Give it up, Drew.  Most of us who have something to contribute to this subject won't want to waste time with you.  Your posts on the bo are a good example.


----------



## DrewTheTKDStudent1992 (Feb 2, 2021)

isshinryuronin said:


> Give it up, Drew.  Most of us who have something to contribute to this subject won't want to waste time with you.  Your posts on the bo are a good example.



Sorry, I came to learn.


----------



## Tez3 (Feb 2, 2021)

isshinryuronin said:


> Give it up, Drew.  Most of us who have something to contribute to this subject won't want to waste time with you.  Your posts on the bo are a good example.




Harsh.


----------



## Flying Crane (Feb 2, 2021)

First, most people here know what the sai are.  

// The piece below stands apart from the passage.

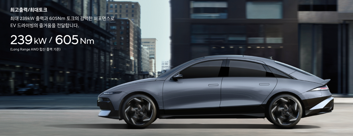 아이오닉 6 토크는 239kw/ 605nm으로

I have a pair that I bought in the early-1980s when I was barely a teenager, before I had any training in the martial arts.  With the sai, I bought Fumio Demura’s book, _Sai, Karate Weapon of Self Defense.  _From that book, I learned two things:  how to flip the sai back and forth from a blade-foreword grip to an inverted grip with the blade back along the forearm, and that the sai can be gripped by the blade, and the prongs used to hook a weapon.  Oh, I learned a third thing too: that people would carry a third sai that was used to throw at an enemy.  Oh, and a fourth thing: the author recommended in the book that a student not attempt to train in the sai until reaching at least the rank of brown belt, to develop a foundation upon which learning the sai would be more successful.  So that is what i did with them, flipped them back and forth.  And that’s it.  I never trained in a system that used the sai, I never got any real instruction in their use.  They sit now in a trunk, and rarely see the light of day.  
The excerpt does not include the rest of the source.